Holmquist L, Rudic N, Ahren C, Fällström S P
Dept. of Pediatrics II, University of Gothenburg, Sweden.
Scand J Gastroenterol. 1988 Jun;23(5):577-84. doi: 10.3109/00365528809093915.
Seventy-eight young patients with symptoms of chronic inflammatory bowel disease (IBD) of the colon have been investigated to determine to what degree colonoscopy adds important information for the diagnosis of IBD in addition to results of the routine procedures, including rectosigmoidoscopy carried out at the same time. After colonoscopy IBD was established in 4 of 12 patients classified as non-IBD after the routine procedures. Eleven of 18 patients with the routine diagnosis indeterminate colitis (IC) could after colonoscopy be differentiated into UC or probable CC. In 30 of 31 cases classified as UC the routine diagnosis was confirmed by colonoscopy. Routine diagnosis as probable CC was changed to definite CC in 3 of 10 cases. In all cases but one with previously established IBD it was possible to confirm the diagnosis. Thirty-seven of 70 patients with established IBD of the colon had no radiologic evidence of colitis.

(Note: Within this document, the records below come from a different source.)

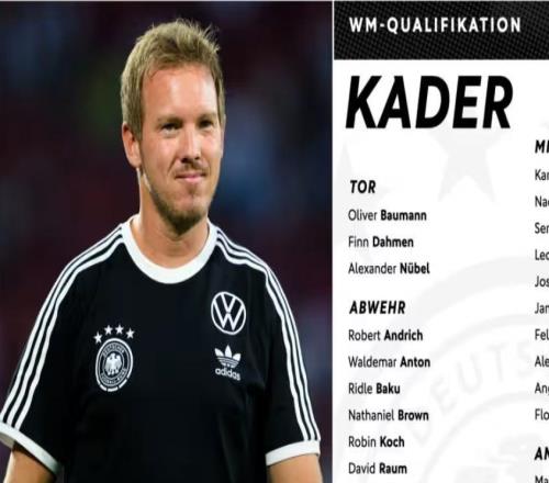 本周四,納格爾斯曼公布最新一期德國(guó)隊(duì)大名單,中衛(wèi)施洛特貝克回歸。德國(guó)隊(duì)將在10月國(guó)際比賽日對(duì)陣盧森堡、北愛(ài)爾蘭。納格爾斯曼說(shuō)道:“兩場(chǎng)勝利——這是明確的目標(biāo),以繼續(xù)直接晉
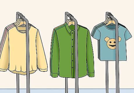 Separate clothes by gender for clear sections. It will be easier for people to peruse if you hang clothes in separate sections. A simple way to separate clothing is by gender. Create sections for men’s clothes, women’s clothes, boy's clothes, and girl's clothes.
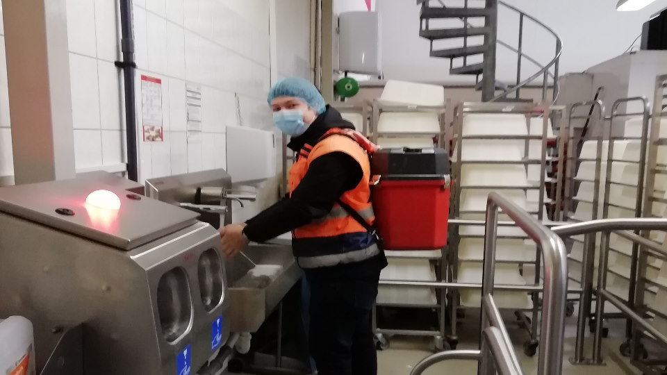Hoch über den Dächern von Dresden.....Kontrollmessung auf dem Schwimmsportkomplex an der Freiberger Straße.
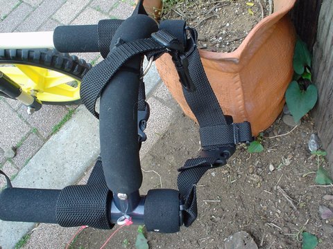胸ベルトを取り付けたので、体が前に出ることはなくなりました。何か嬉しそうな顔をしているように見えますね。 |
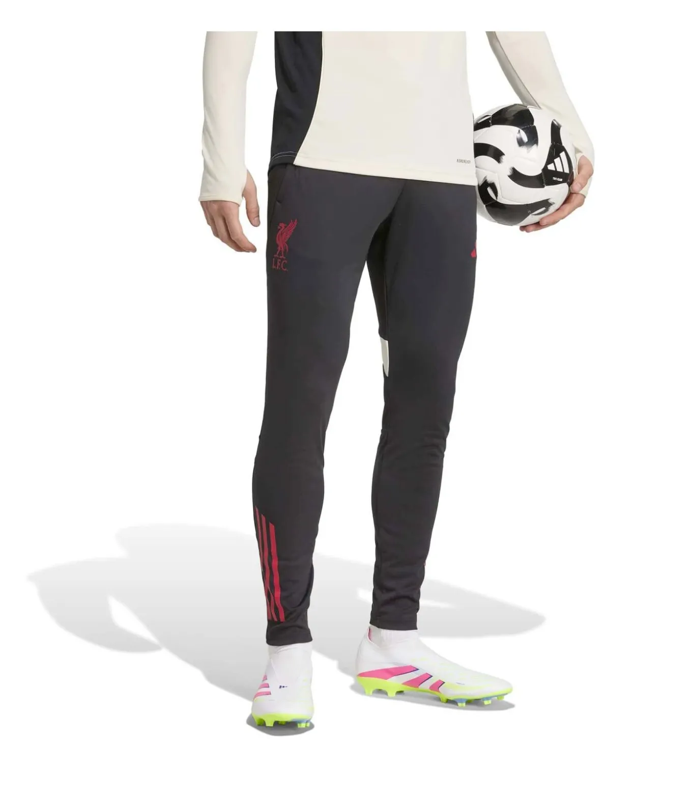 Kleur: zwart. Samenstelling: 100% gerecycled polyester. Pasvorm: slank. Sluiting: elastische tailleband met trekkoord. Details: zakken met rits, stretchmateriaal voor maximale bewegingsvrijheid, thermisch aangebracht Liverpool FC–embleem, ademende Aeroready–technologie. Duurzaamheid: volledig gemaakt van gerecycled polyester om afval en het gebruik van niet–hernieuwbare grondstoffen te verminderen. Gebruik: officiële Liverpool FC 25/26 trainingsbroek, ideaal voor training en vrije tijd.
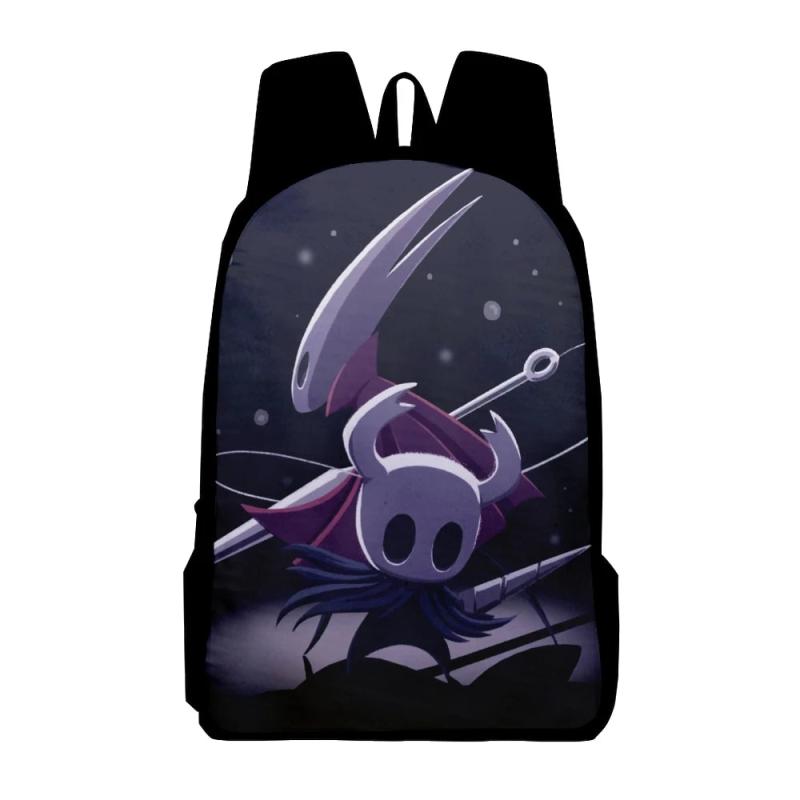 This Hollow Knight backpack features a unique 3D print design, perfect for anime fans. The bag is suitable for students and is unisex, making it a versatile choice for casual school use.

对78例有结肠慢性炎症性肠病(IBD)症状的年轻患者进行了调查,以确定结肠镜检查除了同时进行的包括直肠乙状结肠镜检查在内的常规检查结果外,在多大程度上能为IBD的诊断提供重要信息。结肠镜检查后,在常规检查后被归类为非IBD的12例患者中有4例被确诊为IBD。18例常规诊断为不确定性结肠炎(IC)的患者中,有11例在结肠镜检查后可被区分为溃疡性结肠炎(UC)或可能的克罗恩病(CC)。在31例被归类为UC的病例中,有30例经结肠镜检查证实了常规诊断。10例可能为CC的病例中有3例经结肠镜检查后确诊为CC。除1例先前已确诊为IBD的病例外,在所有病例中均有可能确诊。70例确诊为结肠IBD的患者中有37例没有结肠炎的放射学证据。